Василиса Григорьевна провела пальцем по старой фотографии, где трехлетний Степан сидел на ее коленях возле новогодней елки. Тогда казалось, что мир рухнул окончательно и бесповоротно. Муж собрал вещи в две сумки и произнес всего несколько слов, которые навсегда врезались в память.
— Я больше не люблю тебя, — сказал он тогда, застегивая куртку. — И притворяться не буду.
Никаких скандалов, никаких объяснений. Просто закрыл за собой дверь, оставив молодую женщину наедине с малышом и грудой нерешенных проблем. Василиса Григорьевна еще не знала важного. Этот момент станет точкой отсчета новой жизни. Жизни, где каждое решение будет приниматься с одной единственной целью.
Мать приехала на следующий день. Пожилая женщина не стала утешать дочь пустыми словами или причитать над судьбой.
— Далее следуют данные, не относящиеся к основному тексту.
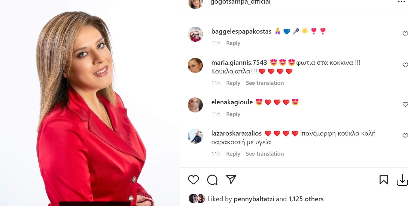 Ειδικότερα, η τραγουδίστρια δημοσίευσε στον προσωπικό της λογαριασμό στο instagram μία φωτογραφία με ένα υπέροχο κόκκινο κοστούμι και τα σχόλια ήταν μόνο κολακευτικά από τους διαδικτυακούς της φίλους.
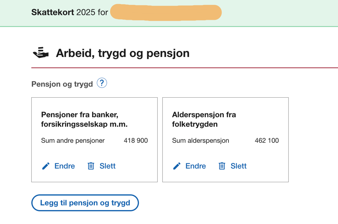 I tillegg til at skattekortet har blitt temabasert, har det «kort» som inneholder opplysninger knyttet til et av temaene, for eksempel pensjon. Her kan du endre opplysninger og legge til nye.
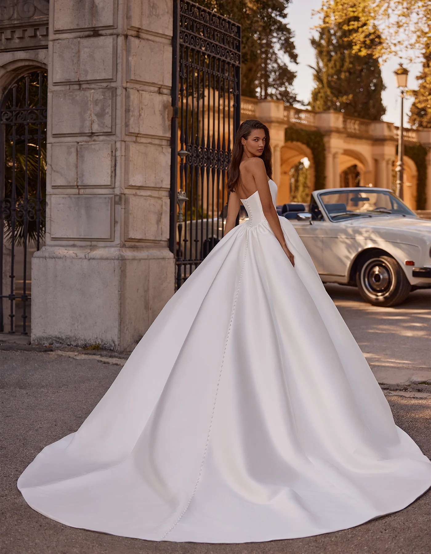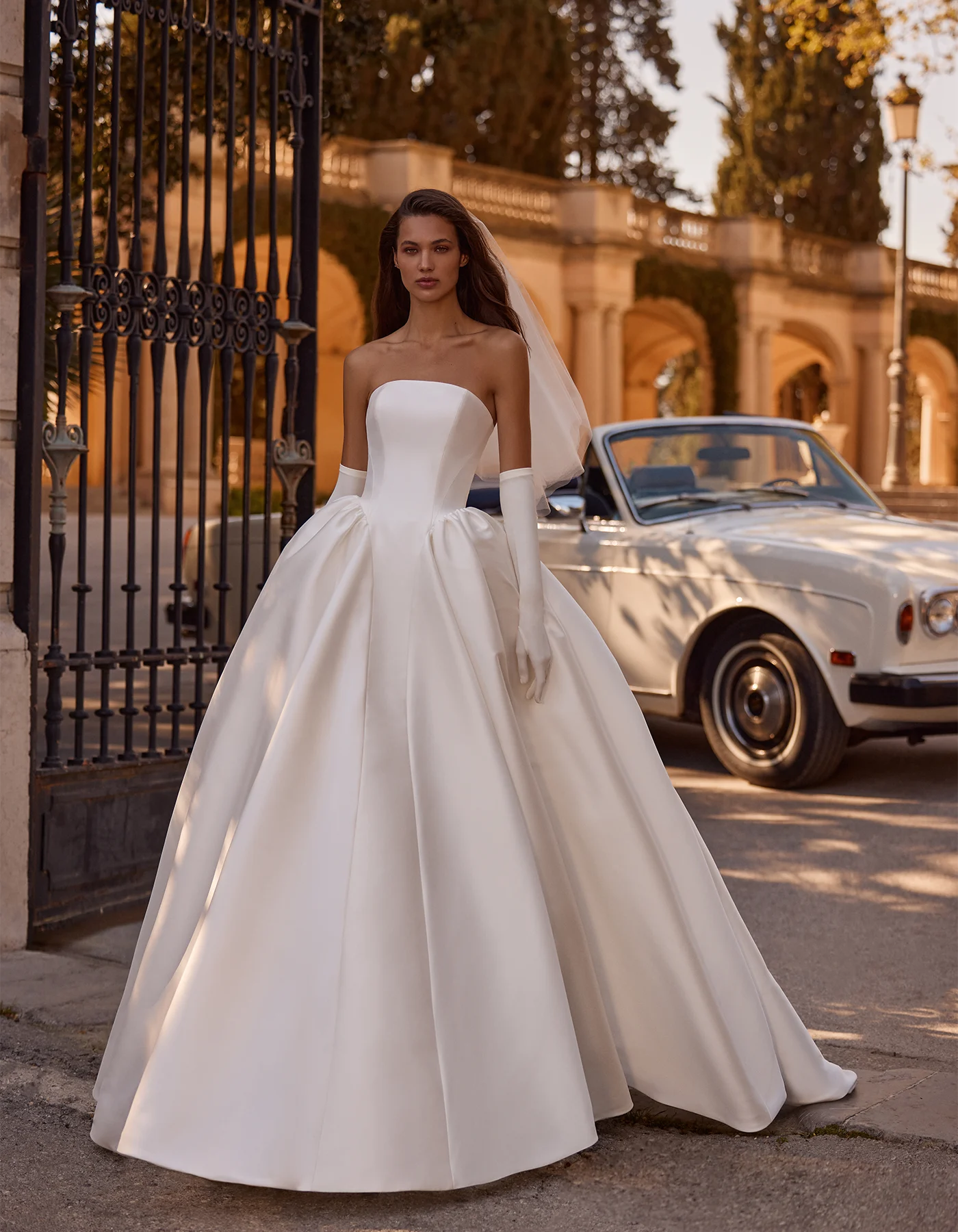Vestido de novia princesa, de estilo romántico y clásico. Presenta un cuerpo con cintura vasca con escote bañera, confeccionado íntegramente en mikado.
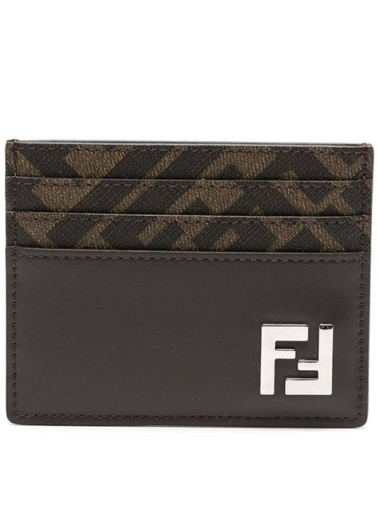 Fendi FF Square Leather Bi-Fold Half Wallet Brown

Она молча развязала платок, повесила пальто на вешалку и взялась за дело.
— Будем жить дальше, — просто сказала мать, беря на руки внука. — Мужики приходят и уходят, а дети остаются навсегда.
Именно мать стала опорой в те первые страшные месяцы, когда Василиса Григорьевна металась между двумя работами. Пытаясь заработать хоть на самое необходимое.
Мать не дожила до того дня, когда Степан пошел в школу. Сердце не выдержало постоянного напряжения и переживаний. Василиса Григорьевна осталась совсем одна, но уже понимала — останавливаться нельзя. Теперь только она отвечала за будущее сына.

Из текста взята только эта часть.